Longer and shorter questionnaire versions have been harmonised. The variables da01–da84 have frequencies/day for research participants who responded to the longer questionnaire. These have been converted to correspond to dat01–dat66 by combining answers from a number of questions, so that the answers correspond to what was requested in the shorter survey. For example, da40 captures intake of fried potatoes and da41 intake of fries, and the questions come from the longer questionnaire with 84 questions. The variable dat31 captures intake of both fried potatoes and fries and comes from the shorter questionnaire. In a harmonised version of data from both questionnaire versions, responses from the long questionnaire have been recoded so that da40+da41 corresponds to dat31. This recoding is indicated on the withdrawal form.

A question about egg intake was introduced in later versions of the questionnaires for both VIP and MONICA. Contact PI Anna Winkvist or research advisor Maria Wennberg for more information if intake of eggs is central for the research question.

Researchers can request a data file from DietVIP that only has research participants who responded to the longer questionnaire, a data file with only research participants who responded to the shorter questionnaire, or a file with merged data, i.e., created with all research participants where recoding is done to harmonise the response options from the different questionnaire versions. It is therefore important to know what assumptions are used when merging the longer and shorter questionnaires into a single file. For this reason, carefully read the tab “How do I work with NSDD data” below before starting to analyse the data.

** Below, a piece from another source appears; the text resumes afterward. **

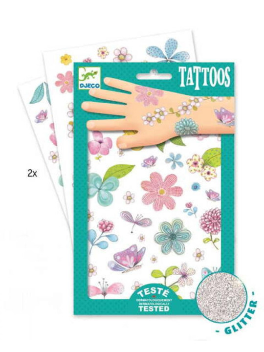 Tatuaże brokatowe KWIATY DJ09585 - zestaw kreatywny dla dzieci

Researchers can request data from DietMON from the seven different screenings (1986, 1990, 1994, 1999, 2004, 2009, and 2014) or a combined data file. Note that the 1990 dietary questionnaire for the MONICA screening only consists of 49 questions and no nutritional values have been calculated. Dietary data from MO2022 were collected with FFQ2020 and can be requested but these have not yet been harmonised with dietary data collected with previous dietary questionnaires.

In addition, dietary data for nested case-control studies within NSHDS can be requested. These often include dietary data collected with all types of questionnaires, which must be considered when case-control matching.

Making withdrawals from the NSDD

The NSDD is a validated data collection originating from VIP (Västerbotten Intervention Programme) and the various MONICA screenings. It includes a large number of calculated dietary factors.

Contact the PI for NSDD, Anna Winkvist, or the scientific advisor specialising in nutrition, Maria Wennberg, to begin discussions and for advice on your planned dietary project.

The following documents are to be sent to the Section for Biobank and Registry Support (BRS).

  • Withdrawal form for dietary data
  • Research plan
  • Ethical review application and approval

In the withdrawal form, write the project title, describe whether ethical approval has been received or is in process, provide a brief statement of the purpose of the project and explanation of why dietary variables are needed, and indicate the format in which data are requested. Also specify which parts of the NSDD are requested (VIP, long/short questionnaire version, MONICA, other criteria).

For the dietary variables, indicate which of all the food items are requested. Indicate whether you want frequency (times/day) and/or grams/day. If all foods are requested, this should be explained in the introductory withdrawal request describing the purpose of the research and the reason dietary variables are needed. Intake frequencies for 84 foods are available for participants who completed the longer questionnaire (da01–da84 variables). Intake frequencies for 66 foods are available for participants who completed the shorter questionnaire (dat01–dat66 variables). If a harmonised data file that includes participants who responded to both questionnaire versions is requested, the intake frequency from the longer questionnaire is converted to correspond to dat01–dat66 by combining answers from a number of questions in the 84-food questionnaire, so that the responses correspond to what was requested in the shorter questionnaire. The withdrawal form indicates how this merger was done. For example, the questions White (soft) bread (da12) and Thin crisp bread (da13) have been merged into one question (dat12), which is shown in the withdrawal form.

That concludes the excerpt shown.